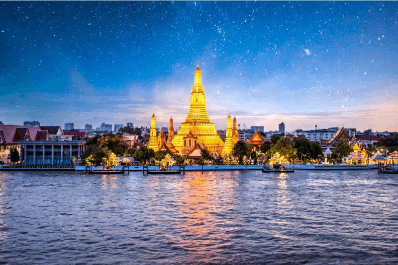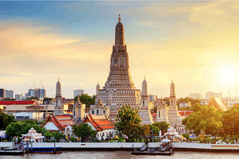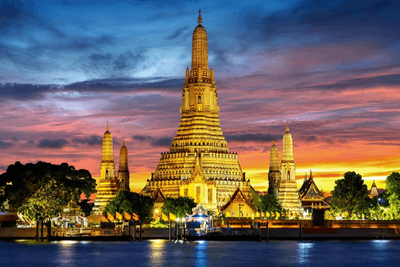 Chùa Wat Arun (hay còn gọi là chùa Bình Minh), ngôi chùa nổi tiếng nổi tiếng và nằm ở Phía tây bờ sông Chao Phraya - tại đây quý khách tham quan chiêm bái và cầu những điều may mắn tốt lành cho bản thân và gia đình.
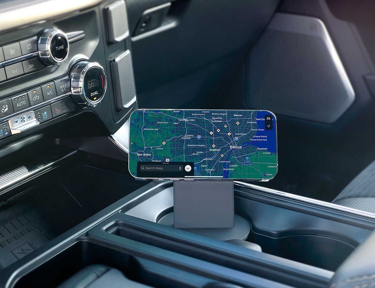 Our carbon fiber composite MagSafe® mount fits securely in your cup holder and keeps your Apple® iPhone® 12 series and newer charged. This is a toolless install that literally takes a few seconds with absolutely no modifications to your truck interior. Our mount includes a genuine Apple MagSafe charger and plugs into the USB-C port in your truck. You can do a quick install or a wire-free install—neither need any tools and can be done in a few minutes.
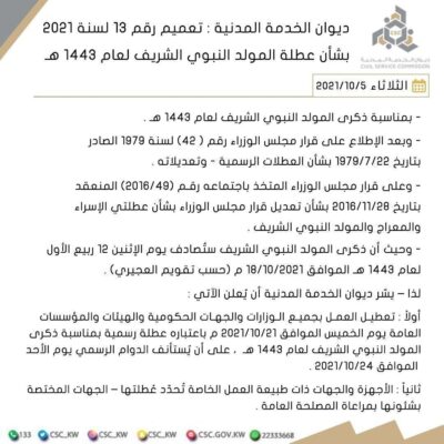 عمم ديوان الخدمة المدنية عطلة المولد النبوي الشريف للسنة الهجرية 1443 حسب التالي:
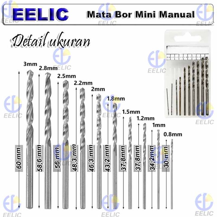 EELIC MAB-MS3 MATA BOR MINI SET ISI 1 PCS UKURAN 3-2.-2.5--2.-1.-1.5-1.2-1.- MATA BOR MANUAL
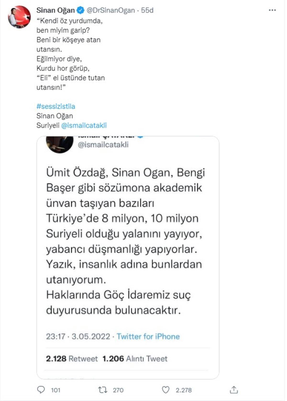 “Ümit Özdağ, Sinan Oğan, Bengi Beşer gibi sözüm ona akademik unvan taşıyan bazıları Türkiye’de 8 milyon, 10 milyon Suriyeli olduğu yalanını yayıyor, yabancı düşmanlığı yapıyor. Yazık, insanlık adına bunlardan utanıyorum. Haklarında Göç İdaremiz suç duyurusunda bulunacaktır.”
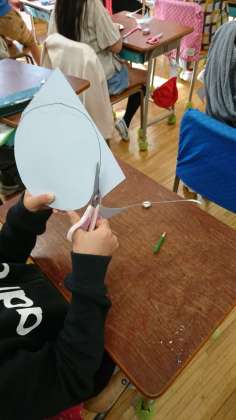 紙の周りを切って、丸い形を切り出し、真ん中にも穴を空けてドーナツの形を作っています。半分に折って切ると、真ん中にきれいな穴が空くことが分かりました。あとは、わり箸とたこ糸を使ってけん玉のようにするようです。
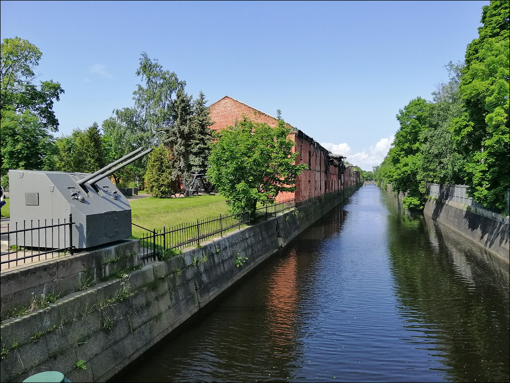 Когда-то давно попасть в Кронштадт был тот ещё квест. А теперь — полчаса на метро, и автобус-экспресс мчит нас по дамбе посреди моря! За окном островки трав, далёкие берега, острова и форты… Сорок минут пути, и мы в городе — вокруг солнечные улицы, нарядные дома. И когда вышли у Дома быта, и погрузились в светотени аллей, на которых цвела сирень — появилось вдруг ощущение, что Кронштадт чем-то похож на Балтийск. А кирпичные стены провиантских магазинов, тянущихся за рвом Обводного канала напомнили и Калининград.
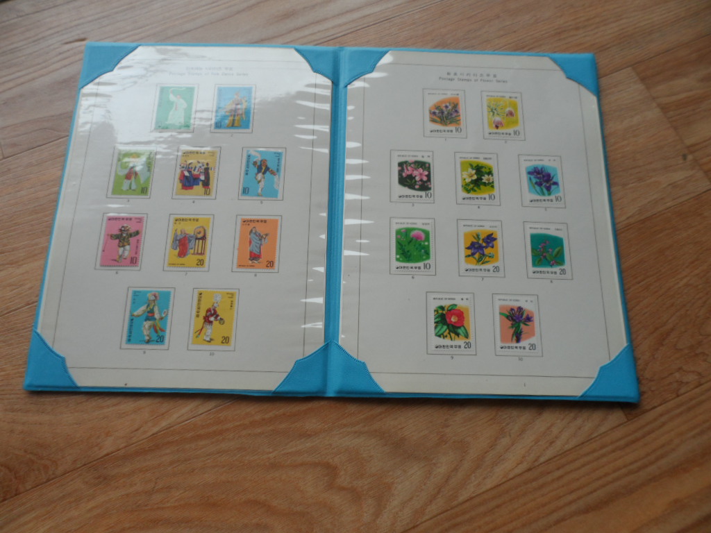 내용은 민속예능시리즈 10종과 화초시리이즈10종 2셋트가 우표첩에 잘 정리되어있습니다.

| Work to complete |
Print exactly the first line of the entries and every line after it through the one that contains "Sinan Oğan, Bengi", leaving the pictures out.

| Worked solution |
 Chùa Wat Arun (hay còn gọi là chùa Bình Minh), ngôi chùa nổi tiếng nổi tiếng và nằm ở Phía tây bờ sông Chao Phraya - tại đây quý khách tham quan chiêm bái và cầu những điều may mắn tốt lành cho bản thân và gia đình.
 Our carbon fiber composite MagSafe® mount fits securely in your cup holder and keeps your Apple® iPhone® 12 series and newer charged. This is a toolless install that literally takes a few seconds with absolutely no modifications to your truck interior. Our mount includes a genuine Apple MagSafe charger and plugs into the USB-C port in your truck. You can do a quick install or a wire-free install—neither need any tools and can be done in a few minutes.
 عمم ديوان الخدمة المدنية عطلة المولد النبوي الشريف للسنة الهجرية 1443 حسب التالي:
 EELIC MAB-MS3 MATA BOR MINI SET ISI 1 PCS UKURAN 3-2.-2.5--2.-1.-1.5-1.2-1.- MATA BOR MANUAL
 “Ümit Özdağ, Sinan Oğan, Bengi Beşer gibi sözüm ona akademik unvan taşıyan bazıları Türkiye’de 8 milyon, 10 milyon Suriyeli olduğu yalanını yayıyor, yabancı düşmanlığı yapıyor. Yazık, insanlık adına bunlardan utanıyorum. Haklarında Göç İdaremiz suç duyurusunda bulunacaktır.”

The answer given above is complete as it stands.